エネルギーねぇ……俺達がこの世界に来た事に関係してんのかな?
「レイン、そのエネルギーで俺達がこの世界に来たって事は考えられるか?」
「ん~、どうやろ? そのエネルギーが何なのかまったく分かってへんから、なんとも言えんなぁ。でも、その可能性はあるかもしれんね」
「そうか……ところで、質問に答えてくれてる奴について聞いてみてくれ。お前は誰なのか」
「分かった」
そう言って打ち込むレイン。
《あなたはだれ?》
『僕は高炉の中でエネルギーを抑えている。
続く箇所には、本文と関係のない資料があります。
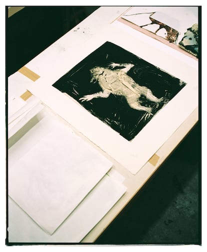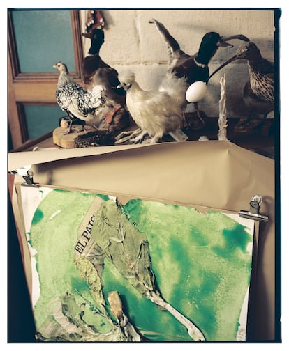 Pero volvamos al arte periodístico que ahora expondrá en ARCOmadrid. Monos hechos de papel de periódico, futbolistas pintados, coches con boñigas encima, prostitutas desnudas, osos armados con rifles (como la ilustración entre cruel y estremecedora que Barceló hizo el 8 de mayo de 2000 sobre la portada de EL PAÍS que narraba el asesinato a manos de ETA del periodista José Luis López de Lacalle), cabeceras de este diario tachadas con pintura amarilla, prolongaciones pintadas de fotos de portada y periódicos enteros estrujados y convertidos en esculturas de papel son algunos de los temas y formatos del Barceló periodista. “Ver hoy esas manipulaciones sobre periódicos es casi como ver arqueología. Bueno, es que eso de poner bigotes a alguien de una foto yo ya lo hacía en la escuela. Creo que antes de los 10 años ya había hecho todo lo que luego he repetido una y otra vez en mi obra. Lo que cambian son los medios, y aprender la técnica, pero eso es poca cosa. Esto que digo no es una boutade, lo digo muy en serio, creo que antes de los 10 años ya has hecho todo lo que vas a hacer en tu vida. Después, solo le das forma”, explica el artista mientras compartimos unas cervezas en uno de los dos talleres de cerámica que tiene en Vilafranca de Bonany, en el centro de Mallorca.

元人間だ』
「「っ!?」」
「人間が高炉の中に?」
「こんな中に人が入ったら一瞬であの世行きやで?」
「……魂の状態なら? 所謂死霊ってやつだ」
「あぁ、それなら大丈夫かな? 分からんけど」
俺はレインに彼の名前を聞いてもらった。
しかし……。
『自分の名前は既に忘れた。人間だったという記憶しか残っていない』
続けてレインに質問してもらう。
《ロボットに入ってるのがあなたか?》
『あれは別の人が入ってる。名前も誰だったかも忘れた存在』
人工知能じゃなく人だったのか、でも記憶が殆ど無いと……。
《どれくらい高炉の中に居るの?》
『……この中に入って今日で、5831年と172日、9時間27分18秒になる』
「えらい長い間入ってんやな。そりゃ記憶も薄れていくわ」
「つまり、古代都市はそれより前から存在していたという事か」
「そやな。6000年前にこんな発展した都市が存在したのは、間違い無いね」
「レイン、プレイヤーなのか聞いてくれ」
「あっ」
レインが打ち込むと。
『分からない。ただ、何となく懐かしい気がする』
「懐かしい……やっぱり大昔に転移したプレイヤーっぽいな。他にも居そうだ」
「どれくらいのプレイヤーがそんな大昔に飛ばされたんやろ?」
「それは考えても分からない事だろ。それより、停める方法が無いのか聞いてみろ」
「それもそうやな」
《高炉を停める方法は?》
『次元エネルギーと別のエネルギーを分離し、エネルギーが暴走しないようにすれば停められるが、別エネルギーの事がまったく理解出来ないので現状不可能。このまま僕が抑えておけば、この星が消滅する事は無い』
誰かを犠牲にして抑えておくのは違うだろ。
今は無理でも、いずれ停められる日が来るはず。
別エネルギーの事を解明すれば良いだけだ。
今すぐは無理だろうけど。
それにしても高炉を停められないとは、別の北へ行く方法を考えないとな。